Last Mile, Long Game
Interview with Kai Ebert, Founder & CEO of LWS Lappwaldbahn Service GmbH
Germany’s rail network makes headlines for all the wrong reasons. But far from the main lines and major stations, a quieter story is unfolding: small private operators stitching together the freight connections that the big players abandoned. LWS Lappwaldbahn Service GmbH is one of them – and after 17 years of steadily expanding its network of non-federal rail infrastructure, it has become one of the ten largest operators of its kind in Germany.
The company’s origins trace back not to a business plan, but to a Brussels mandate. When EU rail legislation required operators to separate track management from train operations, founder and managing director Kai Ebert saw both an obligation and an opportunity. In 2009, he spun off the infrastructure activities into a dedicated entity and LWS was born. What followed was methodical expansion: the rehabilitation of the Lappwald line, the construction of a specialist rail workshop, and successive takeovers including the Teutoburger Waldbahn, the Westerwaldbahn, and most recently the Wiehltalbahn. Today, LWS manages 120 km of track with 45 employees – small by any measure, yet firmly in the national Top 10.
The Last Mile Nobody Wanted
LWS operates what the industry calls the ‘last mile’. The branch lines connecting factories and industrial sites to the main network, progressively abandoned by DB InfraGo. “The mistake,” Kai Ebert argues, “is assuming that freight originates at Munich Central or Berlin Central. It doesn’t, it comes from industrial sites along lines that were cut off.”
Once a shipper switches to road, he warns, it rarely comes back. LWS runs its network on a fully non-discriminatory basis: DB Cargo and private carriers alike access its tracks at equal tariffs, regulated by the Federal Network Agency.

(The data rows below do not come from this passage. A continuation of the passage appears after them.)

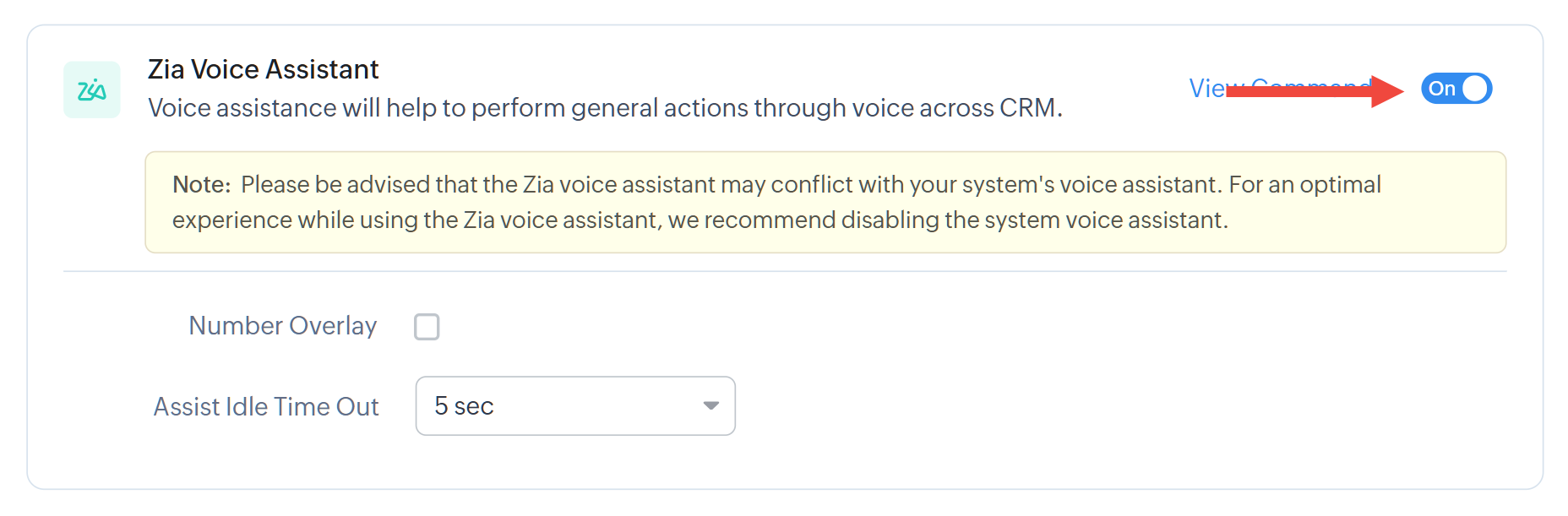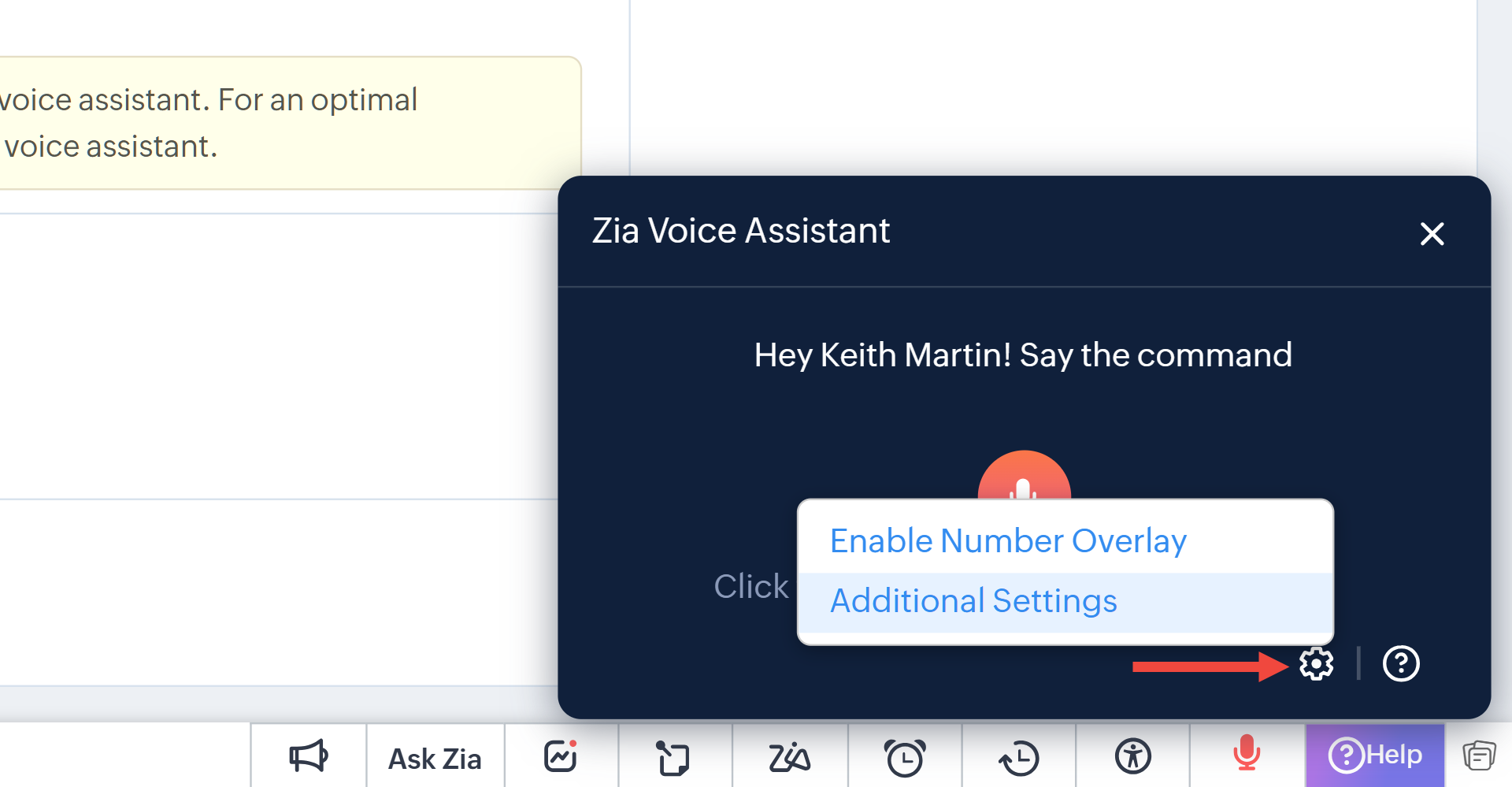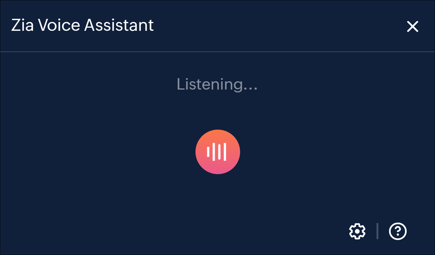 Zia Voice Assistant te ajută să controlezi CRM-ul folosind vocea. Odată ce l-ai activat, îl poți folosi când este necesar pentru a naviga și a efectua acțiuni asupra a ceea ce este afișat pe ecranul tău. Odată activat, poți folosi comenzi vocale predefinite pentru a naviga și a efectua acțiuni.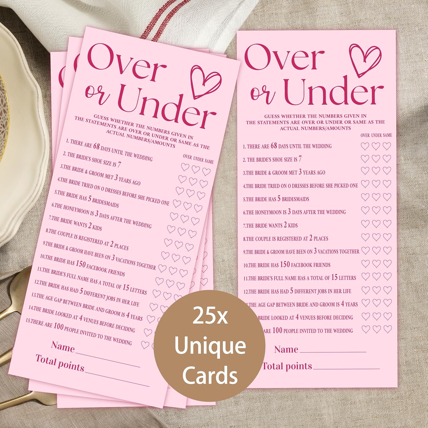 4x9 Inch Wedding Shower Games Cards, Over or Under, Pink Bridal Shower Games for 25 Guests, Engagement Party Supplies, Wedding Party Supplies Decoration-A01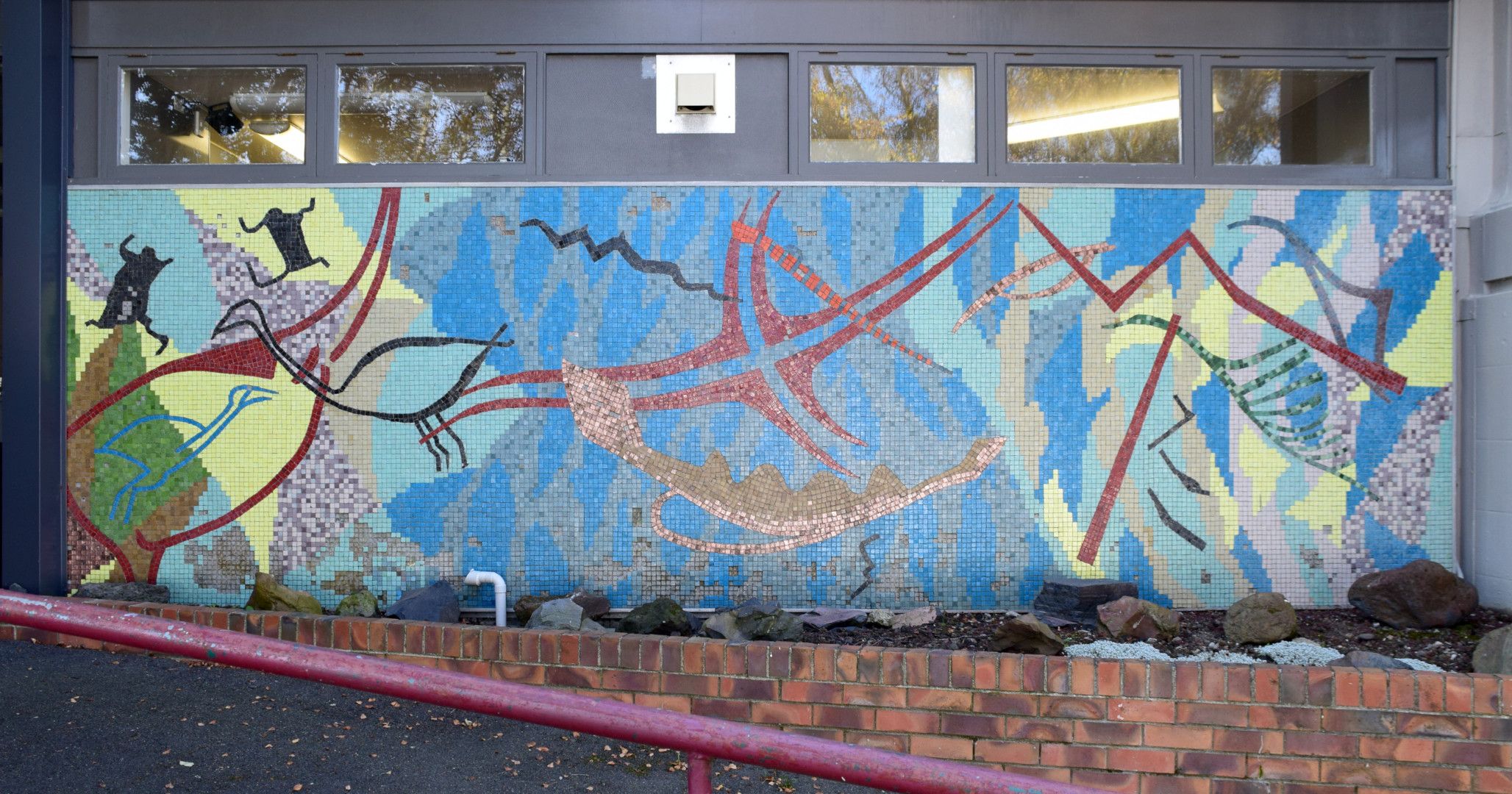 Don Wilson designed the mural, based on rock drawings, to be rendered in Italian glass tiles. Wilson worked with Bas Benseman who had the technical knowledge turn the design to reality. The mosaic took 10 months of painstaking work to complete and was finished in 1968."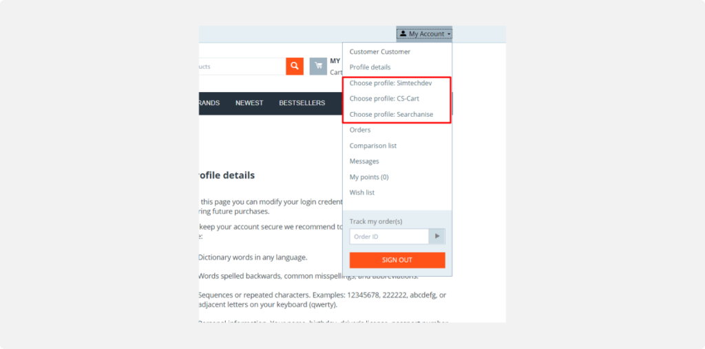 We modified the project accordingly so that each client could place an order exactly from the organization that makes purchases on the site, and the information of the selected profile is displayed in the invoice. Our team developed a dedicated add-on for this functionality. It extends the standard multiprofile functionality. On the storefront we added an ability to choose a profile in the “My profile“ block. The profile fields from the chosen profile are used at checkout.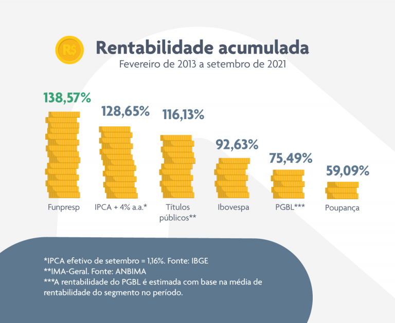 A rentabilidade consolidada é importante porque mostra a solidez da Funpresp e pode ser comparada a outros investimentos semelhantes, como planos de previdência abertos, poupança e títulos públicos, por exemplo.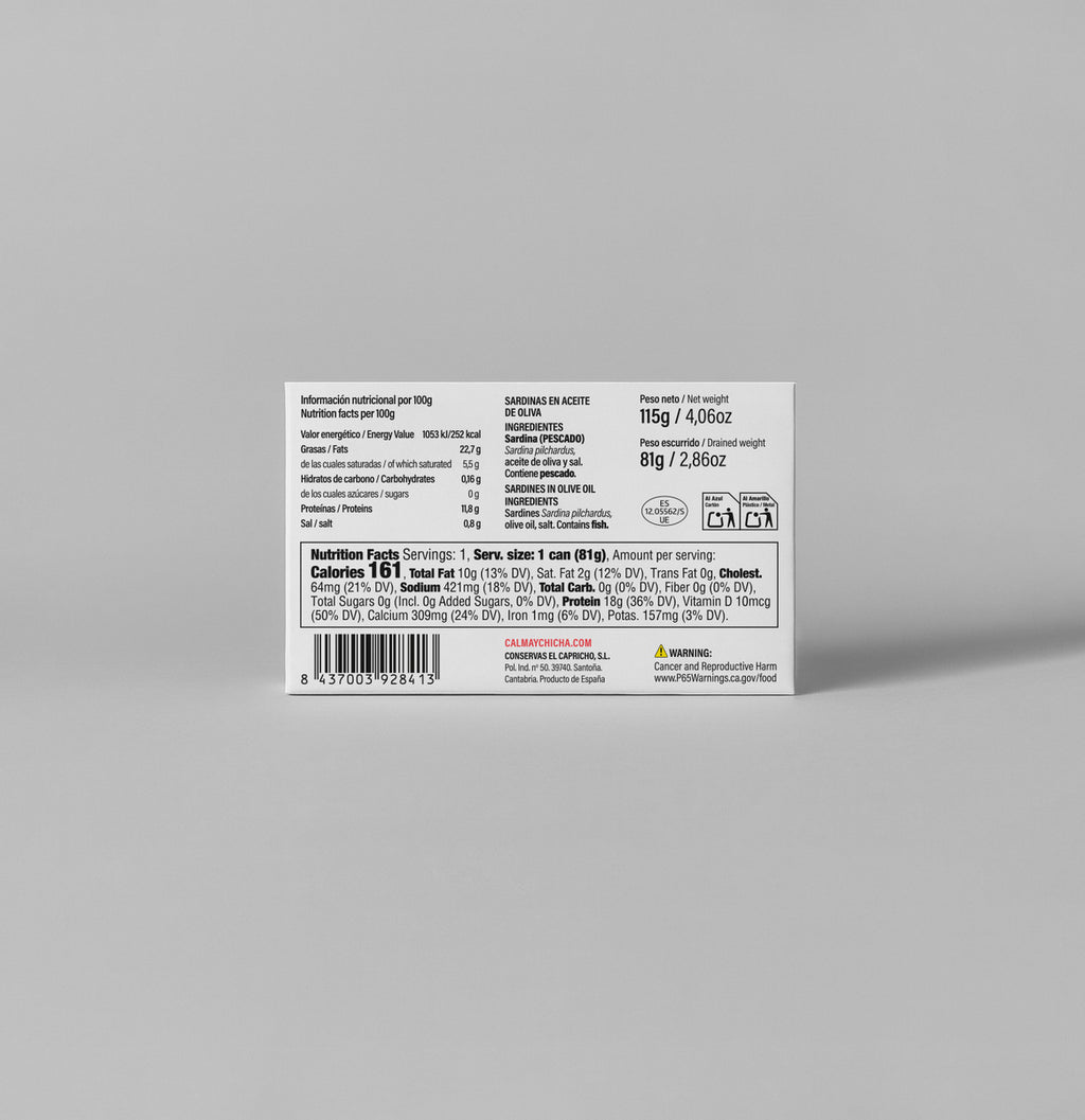 Calma & Chicha sardines in olive oil are a tribute to the Cantabrian Sea and its long-standing fishing tradition. Made with small, carefully selected sardines from the Cantabrian waters, they are preserved in high-quality olive oil that enhances their natural flavor, texture, and freshness.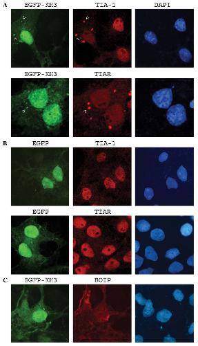 TIA-1 and TIAR; right panels: DAPI staining. (C) Localization of Boip in Cos cells transfected with pEGFP-C2-FBP2-KH3. Left panel, EGFP; middle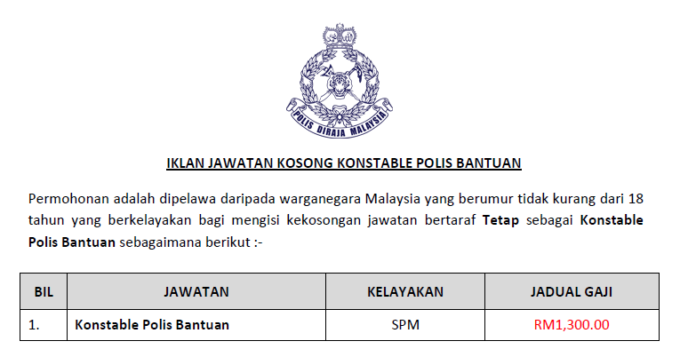 Syarat Kelayakan Polis Bantuan : Pemohon dimestikan memenuhi syarat kelayakan yang telah dinyatakan di iklan.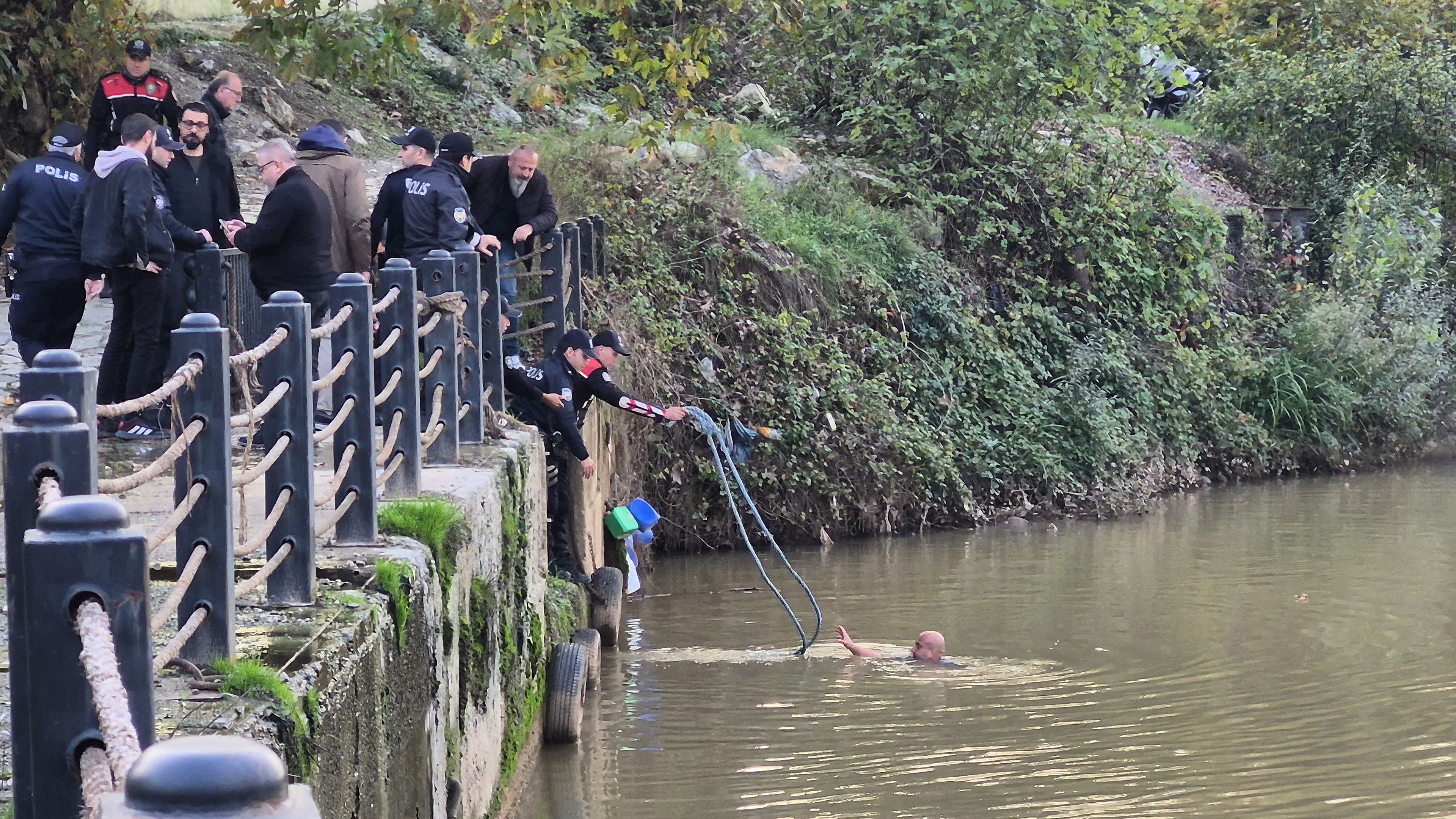 Bartın'da eşiyle tartışan bir kişi ırmağa atladı. Polis tarafından ikna edilen şahıs, ağaç dalı, kıyafet ve halat yardımıyla sudan çıkarıldı.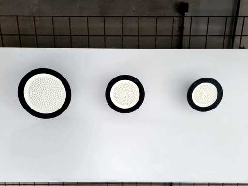 luminous flux 21000 lumens SMD LED, neutral white 4000K, waterproof IP65, Linear IC driver included, flicker free, beam angle 90°, product color sand black, diam Ø 397 x 29mm, material aluminum and glass, mounting set not included, lifespan 30000 hours, voltage 200-240V, it can show in watts and lumens 5% difference, sku 1028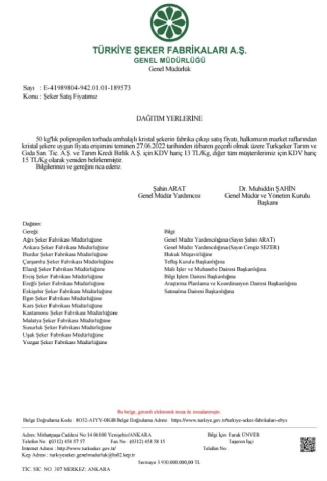 Türkiye Şeker Fabrikaları A.Ş. Genel Müdürü ve Yönetim Kurulu Başkanı Mücahit Alkan, piyasalarda dengeyi sağlayamadığı gerekçesiyle görevden alınmış yerine Muhittin Şahin atanmıştı.İTHAL ŞEKERDEN VERGİ ALINMAMASI KARARI DA ALINMIŞTISon bir yılda şekerin kilosu 6.5 TL’den 24 TL’ye, çuvalı yaklaşık 220-250 TL’den 1.100 TL’ye yükseldi. Özellikle Nisan ayından Mayıs ayına yansıtılan 2 kat fiyat artışlarını aşağı çekebilmek için geçen ay 400 bin ton kamış veya şeker pancarı ithalatından vergi alınmaması kararı alınmıştı.ŞEKERE ZAMTarım yazarı Ali Ekber Yıldırım, Türk Şeker'in büyük oranda zam yaptığını açıkladı.Zammı sosyal medya hesabından duyuran Yıldırım, Türkiye Şeker Fabrikaları Genel Müdürlüğü'nün zam kararını paylaşarak şu ifadelere yer verdi:"Şekere büyük zam. Türk Şeker, Tarım Kredi ve bazı marketlere ucuza sattığı şekere % 67, diğerlerine % 37 zam yaptı. Kristal sekerin fabrika satış fiyatı 27 Haziran itibariyle 50 kg.şeker Tarım Kredi vb. marketlere 390 TL’den 650 TL’ye, diğerleri için 550 TL’den 750 TL’ye çıktı "

Digitizing the Analog Railway
Despite operating in what Ebert cheerfully calls “old economy,” LWS has driven two significant digitalization projects. One is a software platform for managing non-federal rail infrastructure, now adopted by several operators. The other is more striking: across Germany’s non-federal network, dispatchers still record every train movement by hand with coloured lines drawn on paper forms, unchanged for generations – the so-called Train Movement Log (FV NE standard). Kai Ebert has spent over ten years pushing to replace it with a digital system. “This year, we’ll finally be able to announce the product together with Sternico GmbH and VDV,” he says.
Bureaucracy as the Bigger Rival
A workshop extension urgently needed to handle growing order volumes has been waiting on a planning response for four and a half years. Safety upgrades for more than 50 level crossings face timelines of five to eight years each. Federal funding exists, but private operators must provide personal guarantees to access it: an obligation municipal competitors are exempt from. “We’ve been fighting alongside the VDV for ten years to get that changed,” Kai Ebert says. “It keeps coming up in Berlin and keeps getting buried under the next crisis.”